Imagine that we have some particles that perform random moves, either to the right or to the left. We may flip a coin to decide the movement of each particle, say head implies movement to the right and tail means movement to the left. Each move is one unit length. Physicists use the term random walk for this type of movement of a particle. You may try this yourself: flip the coin and make one step to the left or right, and repeat this process.
The movement is also known as drunkard's walk. You may have experienced this after a very wet night on a pub: you step forward and backward in a random fashion. Since these movements on average make you stand still, and since you know that you normally reach home within reasonable time, the model is not good for a real walk. We need to add a drift to the walk, so the probability is greater for going forward than backward. This is an easy adjustment, see Exercise 32: 1D random walk with drift. What may come as a surprise is the following fact: even when there is equal probability of going forward and backward, one can prove mathematically that the drunkard will always reach his home. Or more precisely, he will get home in finite time ("almost surely" as the mathematicians must add to this statement). Exercise 33: 1D random walk until a point is hit asks you to experiment with this fact. For many practical purposes, "finite time" does not help much as there might be more steps involved than the time it takes to get sufficiently sober to remove the completely random component of the walk.
How can we implement \( n_s \) random steps of \( n_p \) particles in a program? Let us introduce a coordinate system where all movements are along the \( x \) axis. An array of \( x \) values then holds the positions of all particles. We draw random numbers to simulate flipping a coin, say we draw from the integers 1 and 2, where 1 means head (movement to the right) and 2 means tail (movement to the left). We think the algorithm is conveniently expressed directly as a complete Python program:
import random
import numpy
np = 4 # no of particles
ns = 100 # no of steps
positions = numpy.zeros(np) # all particles start at x=0
HEAD = 1; TAIL = 2 # constants
for step in range(ns):
for p in range(np):
coin = random.randint(1,2) # flip coin
if coin == HEAD:
positions[p] += 1 # one unit length to the right
elif coin == TAIL:
positions[p] -= 1 # one unit length to the left
This program is found in the file walk1D.py.

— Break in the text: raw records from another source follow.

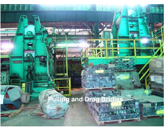
Line located Midwest USA. Contact Dev Lemster for pricing and inspection.
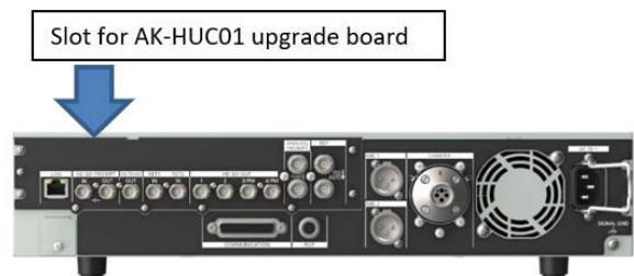
The AK-HCU250 Camera Control Unit

AK-HUC01 4K/12G-SDI Interface kit April 2021, Panasonic Corporation
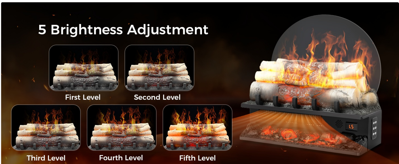
Figure 5: Visual representation of 5-level flame brightness adjustment.
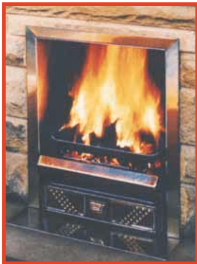
Dunsley Flued Boiler with Firefly Fire & Deepening Bar Available in Copper Luster Enamel and Metallic Black
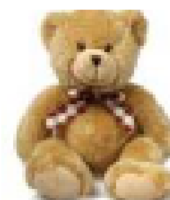
Toys and Clothing
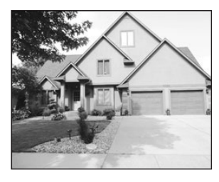
2308 Burleigh NEW PRICE REDUCTION: $319,900

http://www.yankton.net/app/ht ml/1403burleigh/

We may add some visualization of the movements by inserting a plot
command at the end of the step
loop and a little pause to better
separate the frames in the animation:
plot(positions, y, 'ko3', axis=[xmin, xmax, -0.2, 0.2])
time.sleep(0.2) # pause
These two statements require from scitools.std import plot
and
import time
.
It is very important that the extent of the axis are kept fixed in
animations, otherwise one gets a wrong visual impression. We know
that in \( n_s \) steps, no particle can move longer than \( n_s \) unit
lengths to the right or to the left so the extent of the \( x \) axis
becomes \( [-n_s,n_s] \). However, the probability of reaching these lower
or upper limit is very small. To be specific, the probability is
\( 2^{-n_s} \), which becomes about \( 10^{-9} \) for 30 steps. Most of the
movements will take place in the center of the plot. We may therefore
shrink the extent of the axis to better view the movements. It is
known that the expected extent of the particles is of the order
\( \sqrt{n_s} \), so we may take the maximum and minimum values in the
plot as \( \pm 2\sqrt{n_s} \). However, if a position of a particle
exceeds these values, we extend xmax
and xmin
by
\( 2\sqrt{n_s} \) in positive and negative \( x \) direction, respectively.

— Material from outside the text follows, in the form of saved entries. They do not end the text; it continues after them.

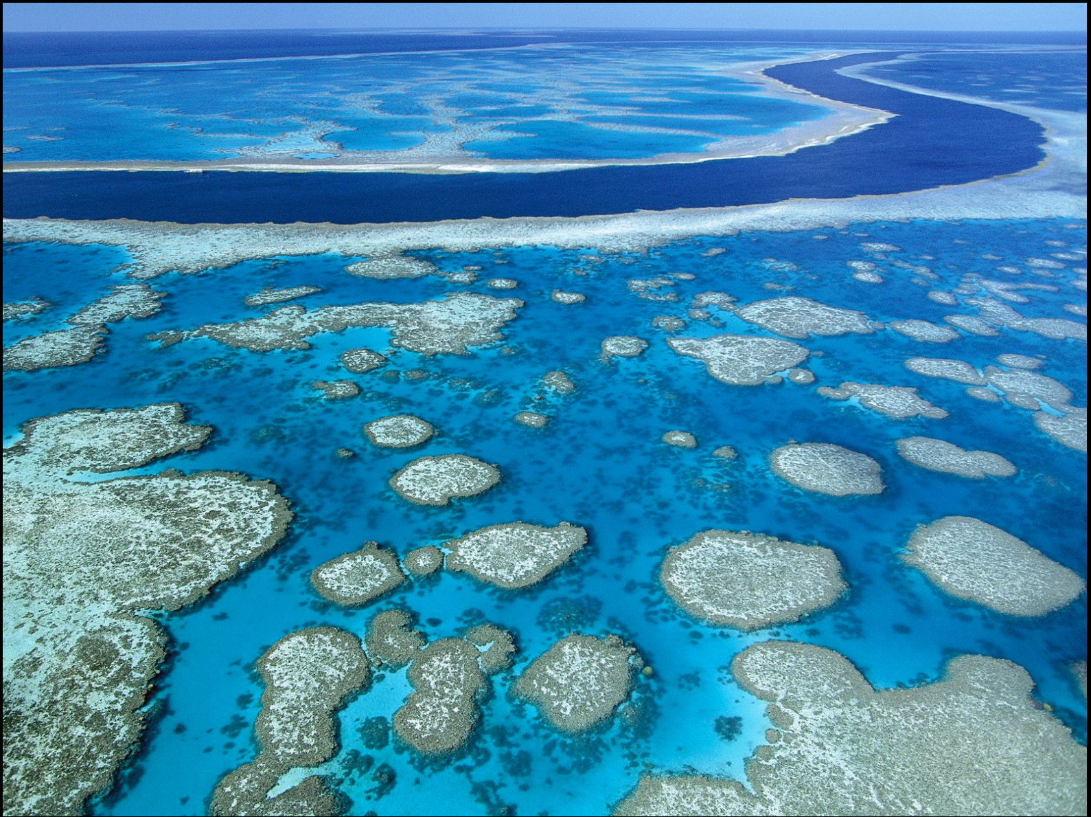
Great Barrier Reef, Australia
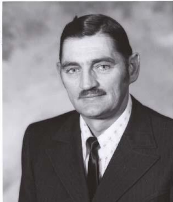
City of Calgary Archives CalA PP-01257

Alderman Hodges is a lover of parks and green spaces. Alderman Hodges also played a significant role in the establishment of the ENMAX Legacy Parks Program to ensure a consistent source of capital funding for City parks."
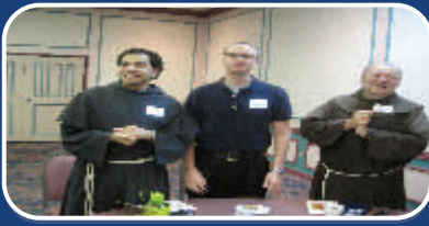
Hispanic Communities 2011

The \( y \) positions of the particles are taken as zero, but it is
necessary to have some extent of the \( y \) axis, otherwise the
coordinate system collapses and most plotting packages will refuse to
draw the plot. Here we have just chosen the \( y \) axis to go from -0.2
to 0.2. You can find the complete program in
walk1Dp.py. The np
and ns
parameters can be set as the first two command-line
arguments:
walk1Dp.py 6 200
It is hard to claim that this program has astonishing graphics. In the section Random walk in two space dimensions, where we let the particles move in two space dimensions, the graphics gets much more exciting.

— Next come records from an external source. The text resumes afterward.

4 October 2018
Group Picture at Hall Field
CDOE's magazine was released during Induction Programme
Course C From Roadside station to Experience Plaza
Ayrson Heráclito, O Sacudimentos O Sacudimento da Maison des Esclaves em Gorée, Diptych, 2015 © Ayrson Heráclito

The random walk process can easily be expressed in terms of a difference equation (see the document Sequences and difference equations [3] for an introduction to difference equations). Let \( x_n \) be the position of the particle at time \( n \). This position is an evolution from time \( n-1 \), obtained by adding a random variable \( s \) to the previous position \( x_{n-1} \), where \( s=1 \) has probability 1/2 and \( s=-1 \) has probability 1/2. In statistics, the expression probability of event A is written \( \Prob{A} \). We can therefore write \( \Prob{s=1}=1/2 \) and \( \Prob{s=-1}=1/2 \). The difference equation can now be expressed mathematically as $$ \begin{equation} x_n = x_{n-1} + s, \quad x_0=0,\quad {\rm P}(s=1)={\rm P}(s=-1)=1/2\tp \tag{10} \end{equation} $$ This equation governs the motion of one particle. For a collection \( m \) of particles we introduce \( x^{(i)}_n \) as the position of the \( i \)-th particle at the \( n \)-th time step. Each \( x^{(i)}_n \) is governed by (10), and all the \( s \) values in each of the \( m \) difference equations are independent of each other.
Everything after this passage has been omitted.